Мок, переведя дыхание, двинулся в сторону отеля «Германия», чтобы проверить номер на нем. Оказалось, что это было Гартенштрассе, 101. Поэтому он находился на соответствующей стороне этой самой представительной улицы Бреслау. Он двинулся на запад и быстро отыскал взглядом дом, снабженный номером 77. Он шел очень медленно и сам перед собой делал вид, что струйки пота, которые его заливали, не имеют ничего общего с острой болью в животе, стиснутом безжалостным объятием. Когда он уже дошел до подъезда, боль вдруг утихла, а по раскаленному солнцем тротуару что-то покатилось. Костяная пуговица. Но есть еще пуговицы на ширинке, подумал он, они не дадут упасть брюкам. Он нагнулся, чтобы поднять оторванную пуговицу, и тут произошло то, что должно было произойти. Брюки, которые в промозглой сторожке Бухрака успели уже испортиться, треснули. Они расползлись по шву и начали сползать, обнажая не менее обтягивающие кальсоны. Мок крепко схватил в горсть порванную ткань и огляделся вокруг. Ни один из пассажиров проходящего трамвая не смотрел ни на что другое, только на Мока, барахтающегося с рваными брюками, две молодые женщины, выходящие из магазина с пластинками, заливисто рассмеялись и показывали его друг другу пальцами, а бой отеля «Fürstenhof»[9] встал с открытым ртом, держа в руках ручку, которой он только что спустил металлические жалюзи. Мок, сверкая инекспримаблями, ворвался в подъезд, в котором, к счастью, была еще действующая торговля. Потный и раздраженный продавец объяснял что-то повышенным голосом какой-то даме, которая предъявляла жалобы на качество трубочного табака для мужа.
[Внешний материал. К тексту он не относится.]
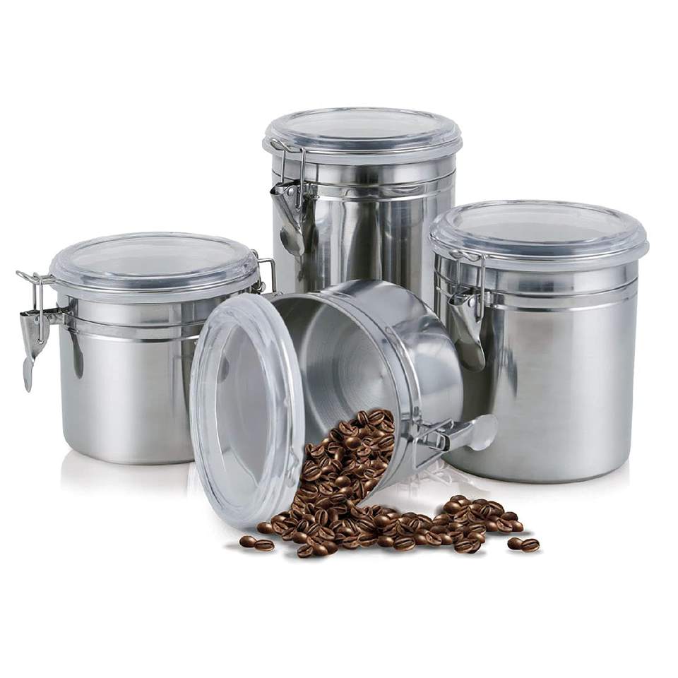 ชุดกระป๋องกาแฟสแตนเลส4ชิ้นสำหรับเก็บอาหารที่ปิดด้วยสุญญากาศสุญญากาศกล่องโลหะสีเงินสำหรับเก็บ
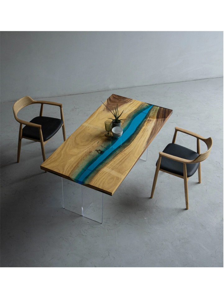 Bàn Ăn Epoxy Gỗ Me Tây Dài 160 Rộng 80 Cao 75 (cm)
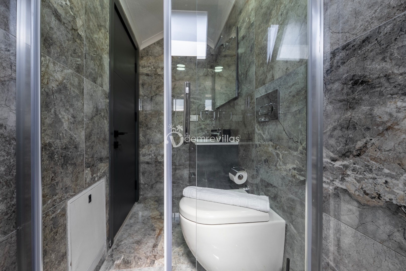 Coğrafi yapısı bakımında dağlık bir alana sahip olan bölgemizdeki villalarımız genel olarak yamaç üzerine kuruludur. Bu nedenle villalarımıza giderken yokuş yukarı çıkılmaktadır. Bu not sadece bu villa ile ilgili değildir. Tüm villalarımızda yazmaktadır.
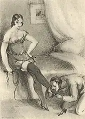 « Mirabeau mentions in his Erotika Biblion that modern Greek women sometimes use their feet to provoke orgasm in their lovers. I may add that simultaneous mutual masturbation by means of the feet is not unknown to-day, and I have been told by an English shoe-fetichist that he at one time was accustomed to practice this with a married lady (Brazilian)—she with slippers on and he without—who derived gratification equal to his own. »
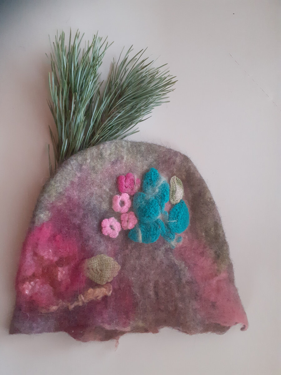 И снова - здравствуйте! Всем мира, добра и отличного настроения! Итак, как я уже говорила - осень и зима - лучшее время заняться рукоделием. Близится Новый год, а значит - время дарить подарки. Решила я начать с банной шапочки. За основу взяла романовскую шерсть и...пригодились заготовки для декора, которые вязала летом. Думаю, эта шапочка придаст настроения ее владелице.
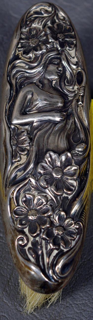 52576. BORSTE, utländskt silver, jugend, 39 gram.
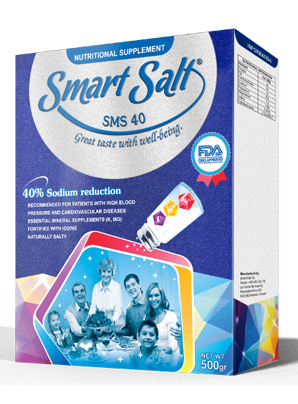 - Hạt muối thông minh Smart Salt SMS 40 giúp làm giảm lượng Natri - thành phần gây hại cho sức khoẻ trong thực phẩm, nhưng vẫn đảm bảo vị mặn tự nhiên như muối truyền thống.
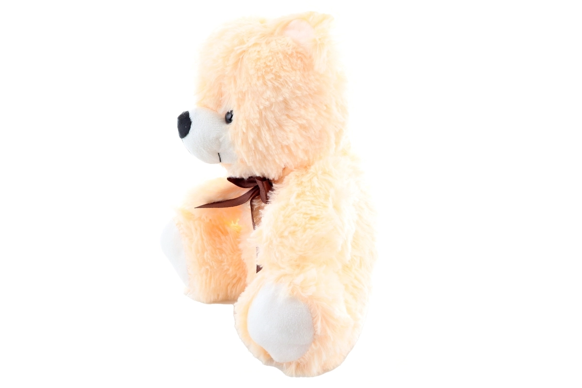 Kontrasztos tappancsok, hímzett arcvonások és elegáns barna masni kölcsönöznek a macinak bájos megjelenést, amely a gyerekeknek és felnőtteknek is tetszik.

— Дайте мне, господин, — крикнул Мок субъекту, — какой-нибудь длинный шнурок, но cito![10]

— Что значит cito! — усмехнулся субъект. — Это не аптека! Cito ему захотелось! Cito это можете сдать свои штаны в химчистку, если в них насрать! О, простите, пани…

— Уж ты, свинья! — воскликнул Мок и схватил за горло изумленного продавца, а рваные брюки совсем сползли с его бедер к возмущению дамы, покупающей табак. — Ты когда-нибудь видел такое удостоверение, придурок?

И затем он полез в карман пиджака. Внезапно он понял, что его сегодня ночью ограбили и что у него нет при себе никакого удостоверения.

Перепуганный субъект вырвался от Мока и отступил в подсобку, чтобы поискать шнурок. Полицейский остался в этой гротескной позе — наполовину лежа, наполовину сидя на прилавке, — а перепуганная дама сочла, что претензии мужа необоснованны, и покинула торговлю. Когда продавец появился с толстым шнурком, которым минуту назад были связаны мешки, Мок улыбнулся и поблагодарил. Улыбка была вынужденной. Моку было не до смеха.